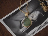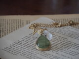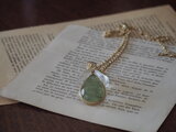 美味しそうな(!)プレナイトでネックレスを作りました。バチカンに葡萄の葉を一枚、飾りました。
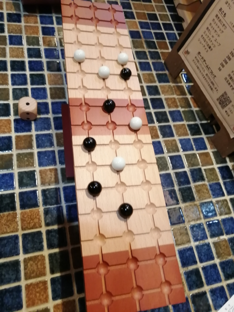 自分の玉を自分エリア側に移動させるだけでなく、相手エリア側に移動させてグラつかせたり、相手が4つの玉を移動させにくくしつつとか考えてしてたら案外バランス取れてしまって先に4つの玉をゴールされてしまったや。
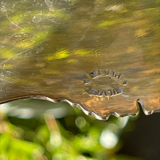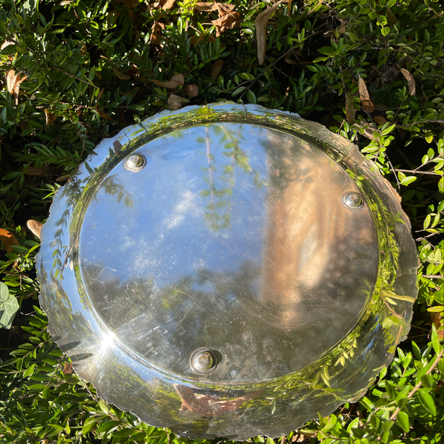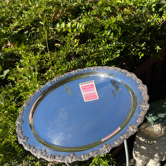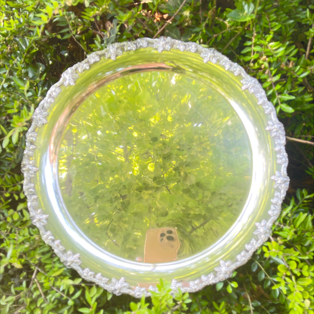 Antikes versilbertes rundes Tablett mit Blätterornamenten
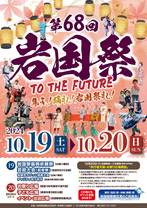 会2024年10月20日(日)は岩国最大のお祭り。今年は鳥取しゃんしゃん踊りも参加したフルスペック開催でした。
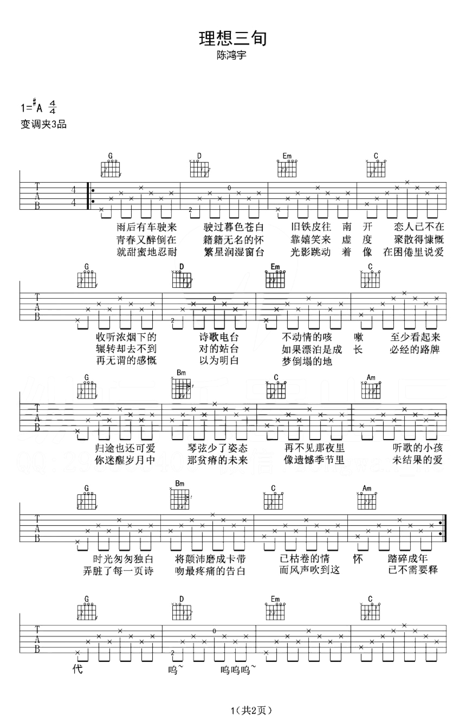 理想三旬吉他谱 - 陈鸿宇 - A调吉他弹唱谱
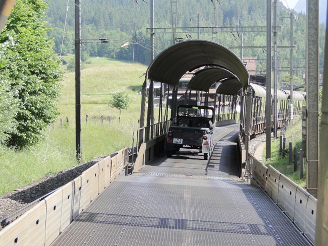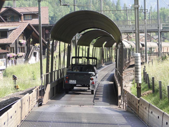 | Dienstag 9. Juli Autoverlad Goppenstein- Kandersteg | Platz hatte mein Willys mehr als genug. |
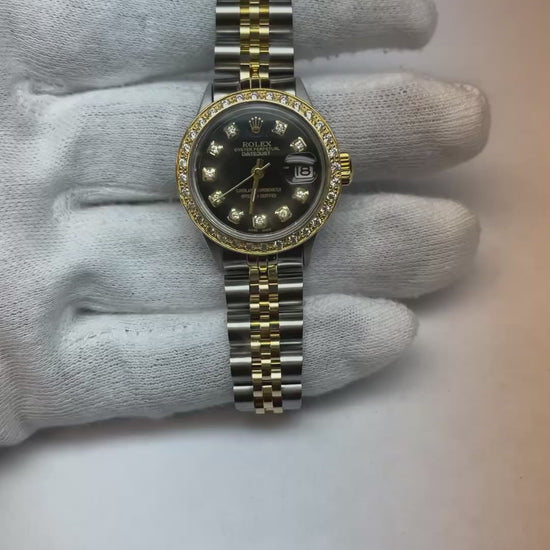 Black Diamond Dial Ss & Gold Bracelet Datejust Ladies Rolex Watch
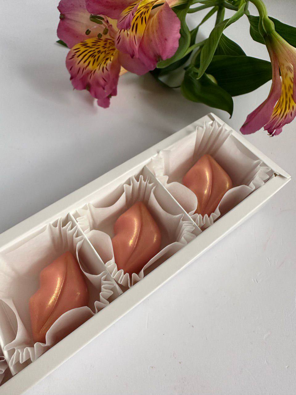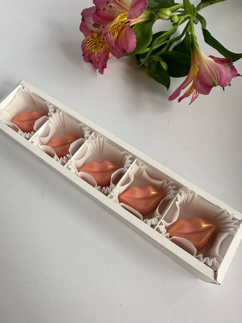 Пять шоколадных губ с неповторимым узором ручной росписи. Каждая деталь выполнена из бельгийского шоколада и подчинена общей идее игривого настроения. Яркий акцент для тех, кто любит эмоции.
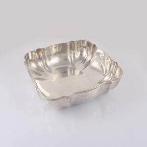 in argento 800 a forma quadrata con bordo mistilineo e nervature, gr. 384 ca., dimensioni 19,5 x 19,5 cm, h. 5,8 [..]
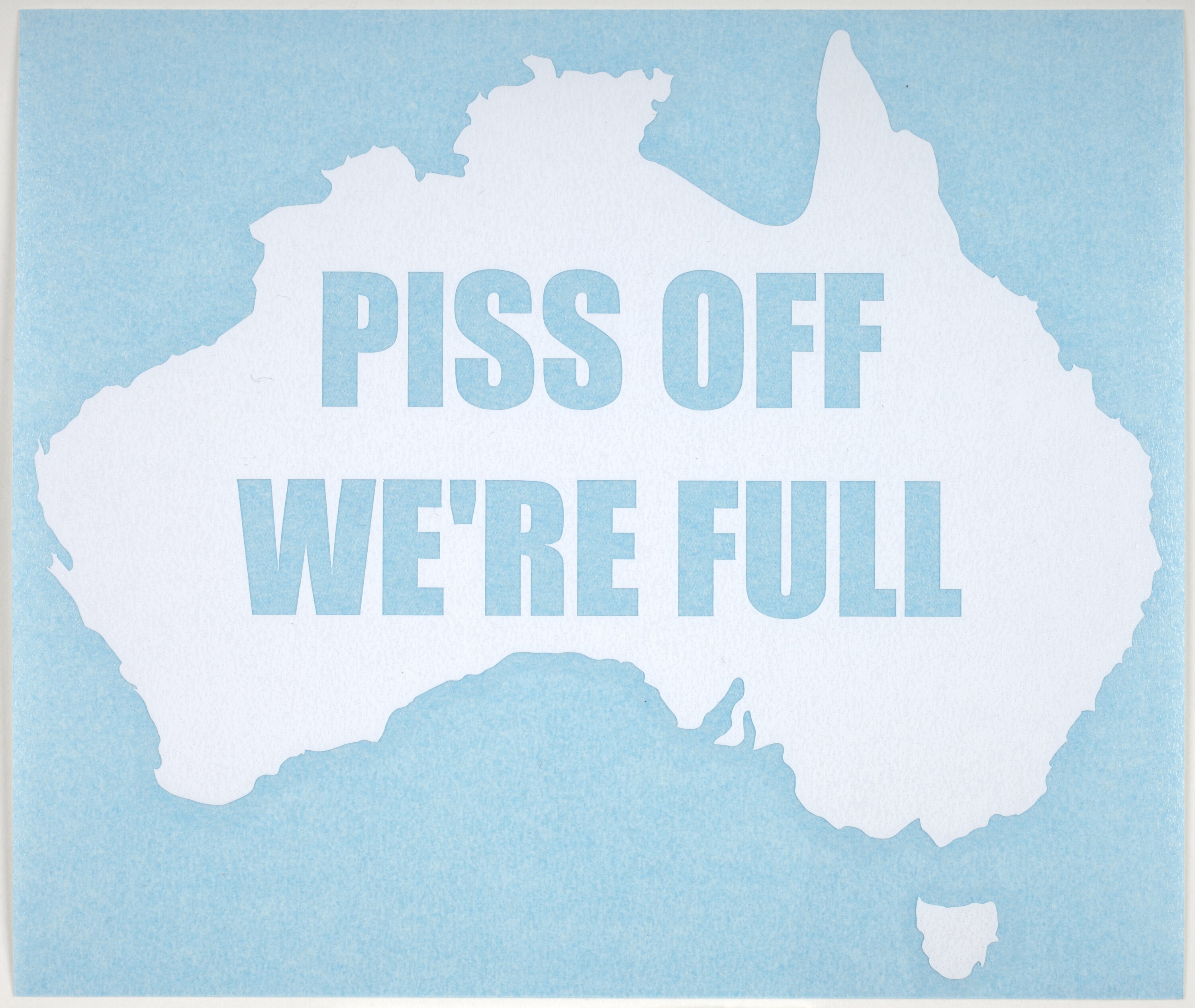 The stickers displaying the outline map of Australia with "Piss Off We're Full!" and "Bugger Off We're Full" in the centre is a continuation of Australian fears of being 'swamped' by foreigners. The image of a white map of Australia and its variations appear scrawled on white human skin and t-shirts at the Cronulla riots in December 2005 and on Australia Day celebrations and disturbances, including that on Manly Beach on 26 January 2009. The use of the white map of Australia iconography, formerly a common feature of medals, badges and stamps, is an echo of the 'White Australia' policy of the early 20th century.

..........

■ **The problem**: Look through the listing above for the line with "会2024年10月20日(日" and the line with "in argento 800". Write out exactly those lines and everything between, leaving out pictures.

■ **Written solution**:
 会2024年10月20日(日)は岩国最大のお祭り。今年は鳥取しゃんしゃん踊りも参加したフルスペック開催でした。
 理想三旬吉他谱 - 陈鸿宇 - A调吉他弹唱谱
 | Dienstag 9. Juli Autoverlad Goppenstein- Kandersteg | Platz hatte mein Willys mehr als genug. |
 Black Diamond Dial Ss & Gold Bracelet Datejust Ladies Rolex Watch
 Пять шоколадных губ с неповторимым узором ручной росписи. Каждая деталь выполнена из бельгийского шоколада и подчинена общей идее игривого настроения. Яркий акцент для тех, кто любит эмоции.
 in argento 800 a forma quadrata con bordo mistilineo e nervature, gr. 384 ca., dimensioni 19,5 x 19,5 cm, h. 5,8 [..]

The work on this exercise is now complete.